Point2: Likewise, feb (product_win_point1) value of product id's needs to be compared as explained in point1. And the same exercise should be done for all months available, that is jan to jan, feb to feb, mar to mar........

Point3: Comparison logic--> For example, When comparing the values of product_win_point1 across months, let's say taking the example above:
For store_id W169,for the month of Jan, the product_win_point1 value for product_id F1=1, V1=0, T1=0,R1 is missing. Since there is at-least one product_win_point1 with value 1, the result should be stored as 1 for the month Jan.
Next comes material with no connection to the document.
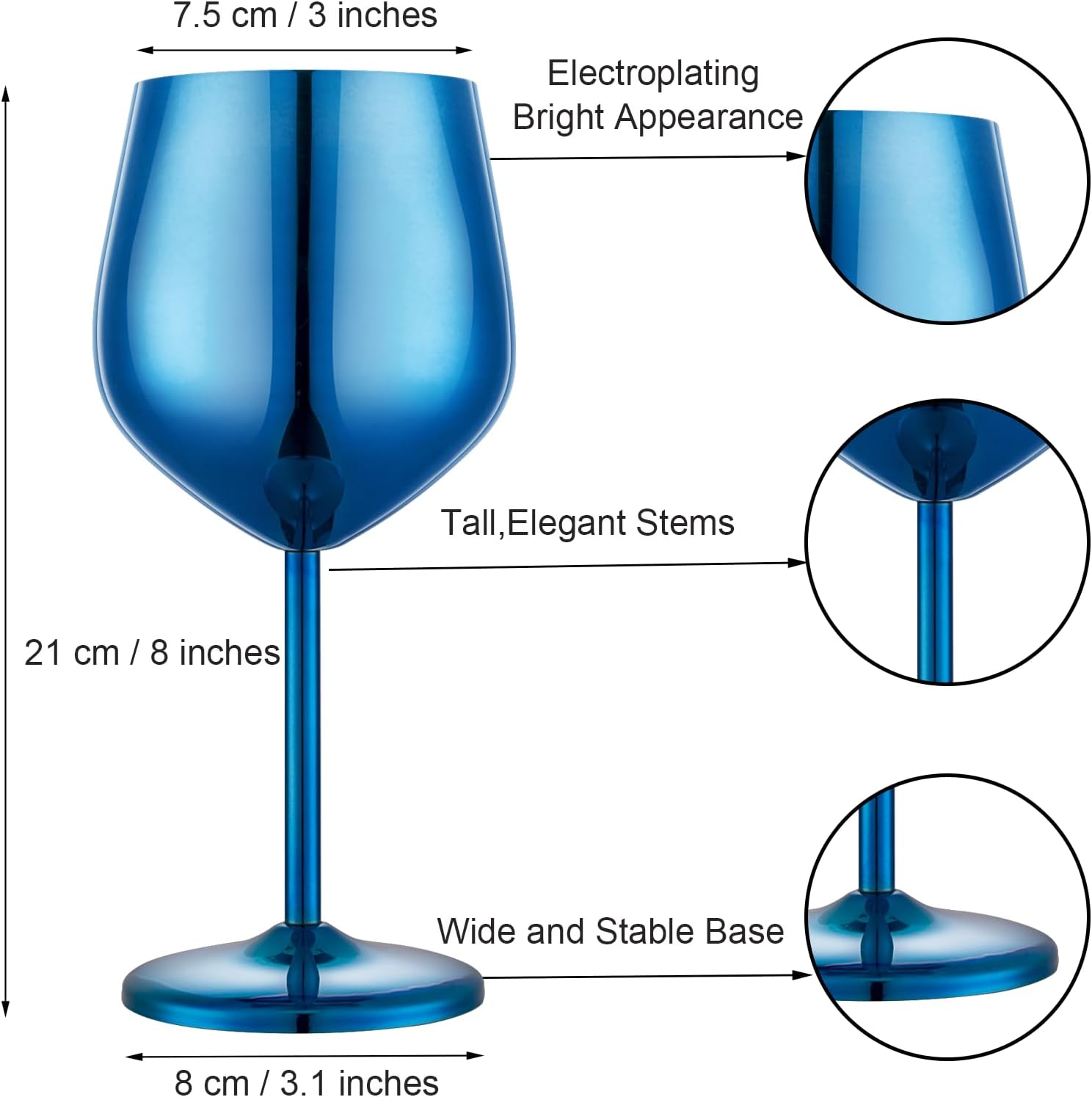 - ăLuxurious & RefinedăHand-polished to perfection, these stainless steel wine glasses feature premium electroplated coloring and a striking metallic finish. With a generous 18-oz capacity and a weighted flat base for superior stability, the sleek stem elevates both elegance and functionalityâeffortlessly aerate your wine with a graceful swirl

Likewise the same rule applies when comparing product_win_point1 values of product id's for feb against feb, mar against mar......

Point4: The same comparison logic as mentioned in Point1,2 & 3 has to be applied for PRODUCT_WIN_POINT2 values of product_ids against monthly periods.
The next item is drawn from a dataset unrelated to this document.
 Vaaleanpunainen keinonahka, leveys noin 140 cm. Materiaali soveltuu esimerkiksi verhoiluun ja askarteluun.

I trust the points explained above can be comprehended and if not I am so keen to detail further whatever i can.

So, the final resulting WANT(Output) dataset:

WANT:
STORE_ID MONTHLY_PERIOD MONTH_as_number COMPARED_PRODUCT_WIN_POINT1 COMPARED_PRODUCT_WIN_POINT2
W169 jan 1 1 1
W169 feb 2 1 1
W169 mar 3 1 1
W169 apr 4 1 1
W169 may 5 0 1
W169 jun 6 1 1
B291 jan 1 1 0
B291 jun 6 1 1
B291 july 7 0 1

 

 

1 ACCEPTED SOLUTION

Accepted Solutions
Ksharp
Super User

OK. If you have a DATE variable in your dataset. MONTHLY_PERIOD should be expressed as number 1 2 3 4 ... that would be better.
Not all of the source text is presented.